▶ _INFORMATION SHOWN_:
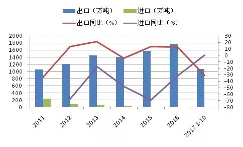 图7:2011-2017年1-10月全国水泥及熟料进口规模及增速
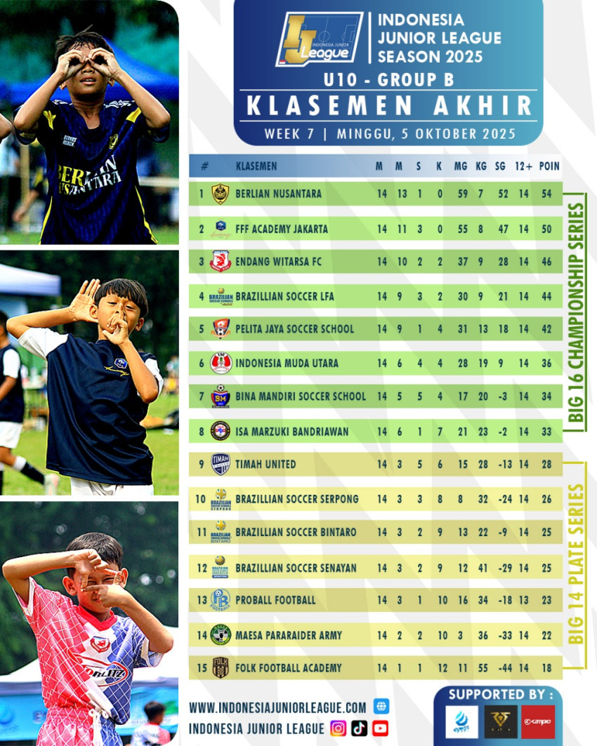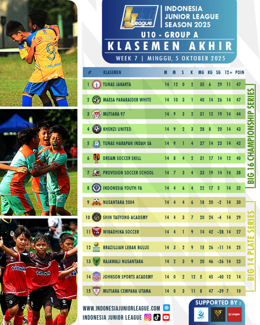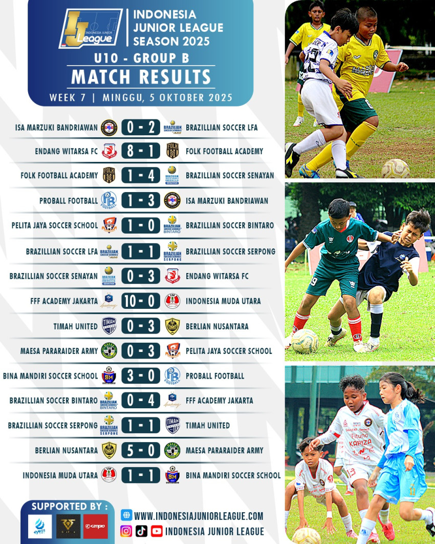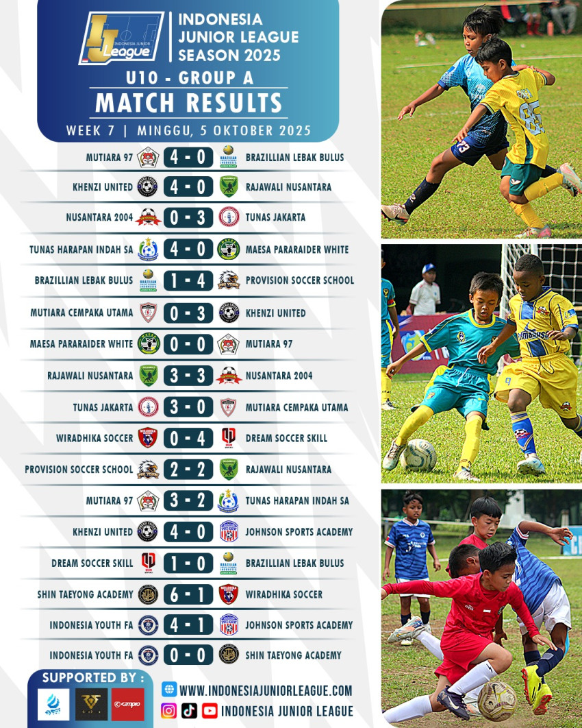 Pekan ketujuh Indonesia Junior League U-10 jadi etape terakhir penyisihan grup sebelum menuju fase selanjutnya. Tak pelak, tim-tim kontestan gencar berburu modal.
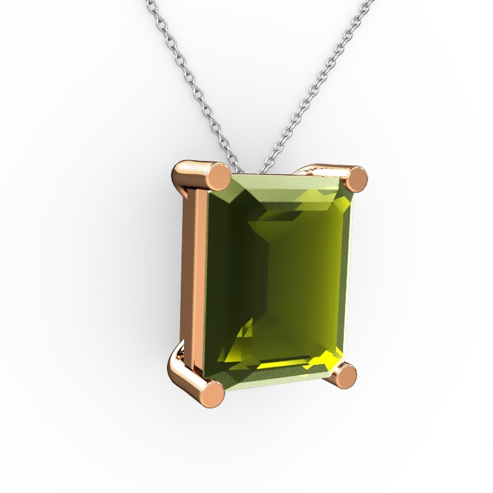 Peridot 8 ayar rose altın kolye (40 cm gümüş rolo zincir)
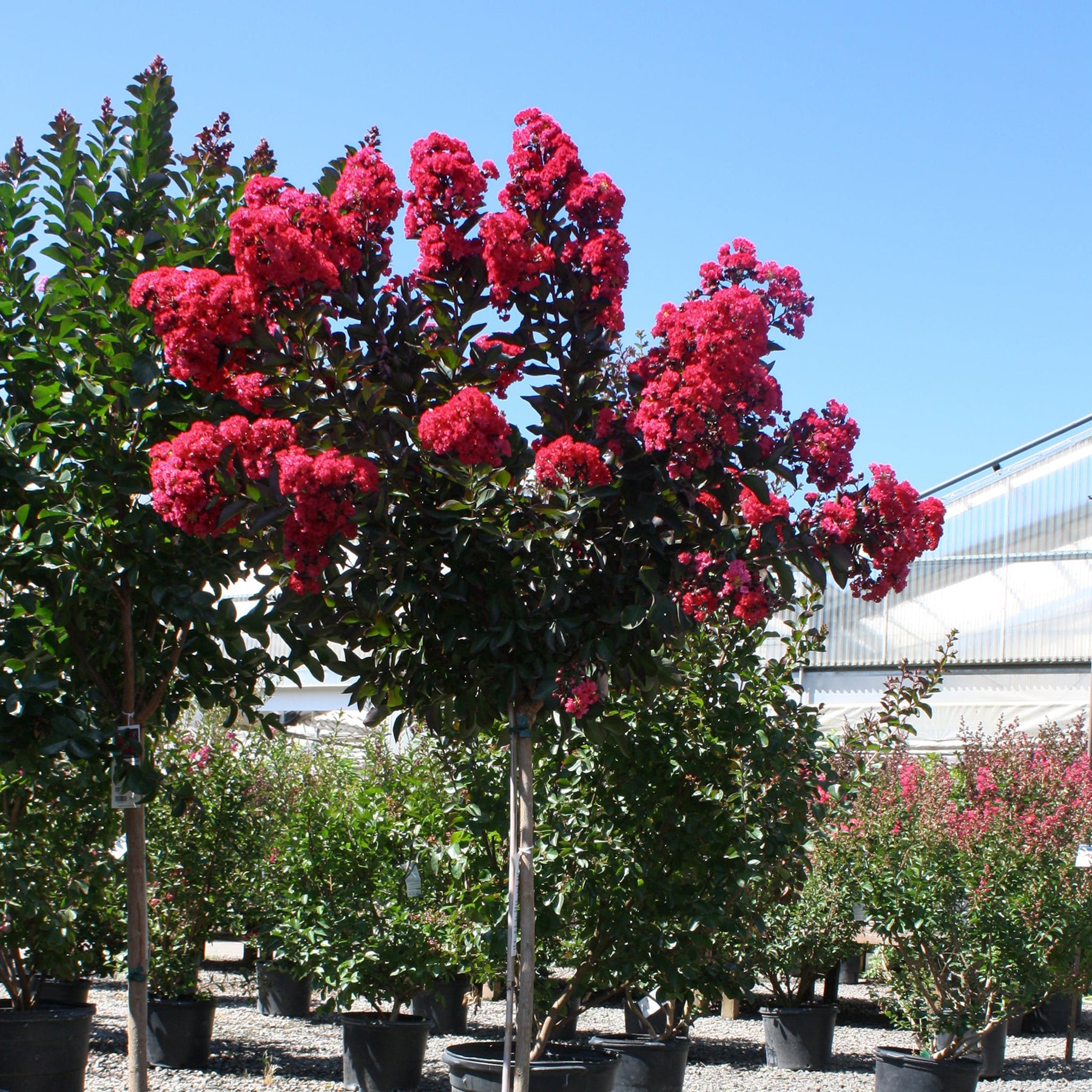 Sioux Crape Myrtle showcases stunning red flowers and glossy green foliage, making it an eye-catching addition to any garden. This hybrid variety is well-suited for the Portland Metro area's climate, offering beautiful blooms from summer to fall. Ideal for both residential landscapes and public gardens, 'Sioux' provides color and interest with its resilient nature.
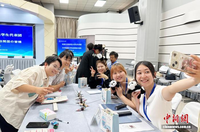 9月9日,日本秋田縣大學(xué)生代表團(tuán)與西北師范大學(xué)學(xué)生進(jìn)行交流互動(dòng),秋田大學(xué)學(xué)生兼田姬梨(右一)與新朋友們合影留念。中新社記者 丁思 攝
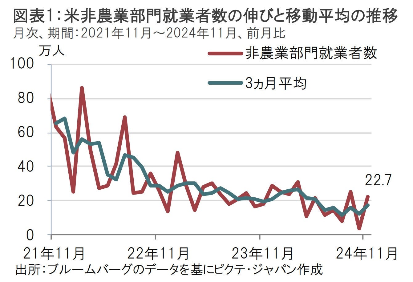 悪天候やストライキの影響を均すため3か月移動平均でみると、11月の非農業部門の就業者数の伸びは17万人超と、米労働市場は堅調であることを示唆する数字と見られます。
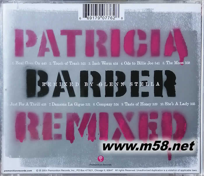 REMIXED 重塑(m58.net) 發(fā)燒爵士女歌手 PATRICIA BARBER的演唱賦予作品一種酷味十足的感染力,這張全新專輯,她揉合騷靈,藍(lán)調(diào),搖滾,甚至說(shuō)唱的爵士風(fēng)格已入化境,這民多元化的表現(xiàn)實(shí)在令人傾倒~~
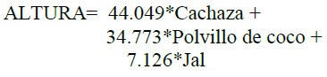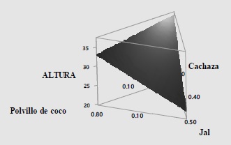 Después de trascurridos 90 días a partir del trasplante que es cuando las plantas alcanzan una edad adecuada para su venta, se midieron cuidadosamente las cuatro características físicas o variables de respuesta (diámetro, altura, flores y color); se realizó un análisis completo para cada variable de cada sustrato. A manera de ejemplo, se describe el análisis realizado para la mezcla cachaza-polvillo de coco-jal, para la variable de respuesta altura de la planta.
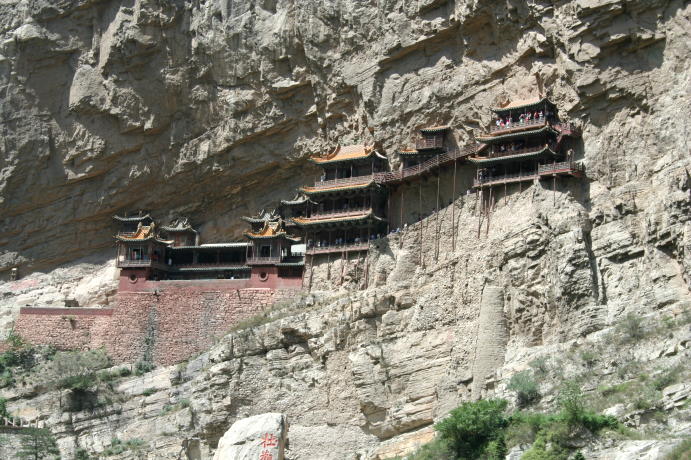 Our next monastery is a bit different. Built on the side of a cliff, this is the famous Hanging Monastery. Built in 491, it has tenaciously hung to the side of this cliff for 1,500 years. It even survived the Cultural Revolution, but just barely.
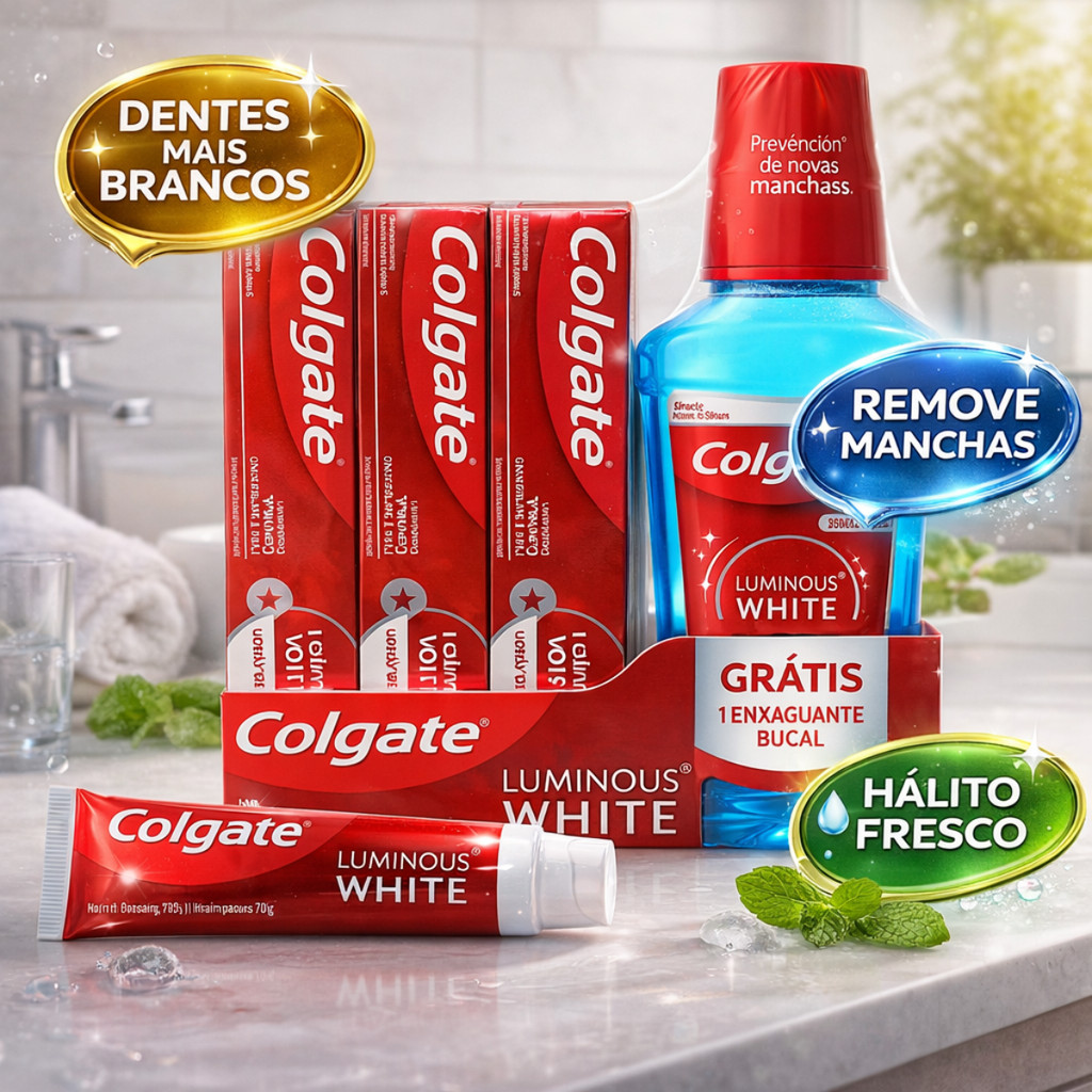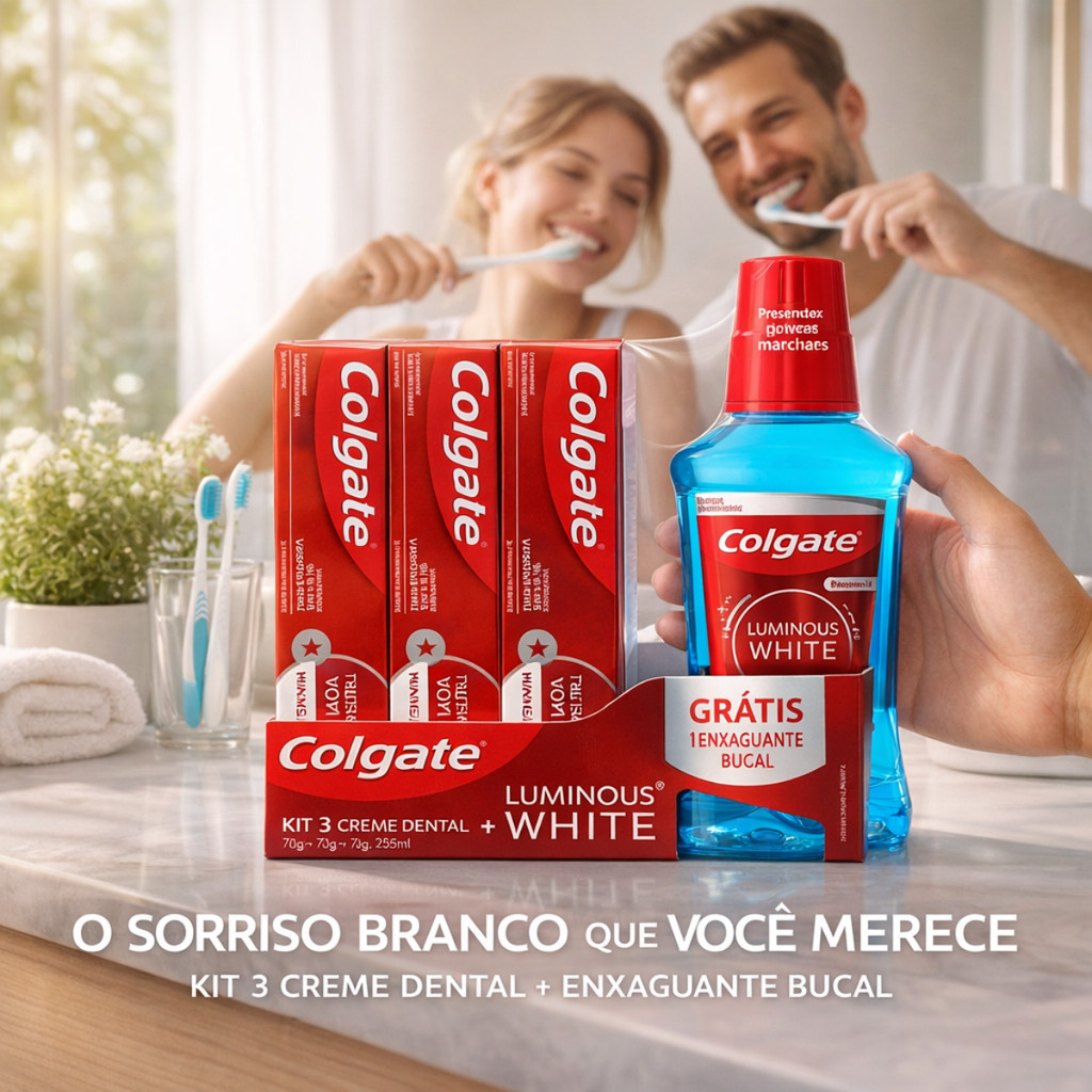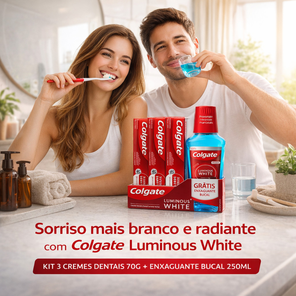 Kit Colgate Luminous White Com 3 Creme Dental + Enxaguante

▶ _ASSIGNED TASK_: Would you reproduce, exactly and with nothing added, every line from the beginning of the entries above through the line that contains "Peridot 8 ayar", both included, leaving out the pictures?

▶ _ANSWER TO THIS PROBLEM_:
 图7:2011-2017年1-10月全国水泥及熟料进口规模及增速
 Pekan ketujuh Indonesia Junior League U-10 jadi etape terakhir penyisihan grup sebelum menuju fase selanjutnya. Tak pelak, tim-tim kontestan gencar berburu modal.
 Peridot 8 ayar rose altın kolye (40 cm gümüş rolo zincir)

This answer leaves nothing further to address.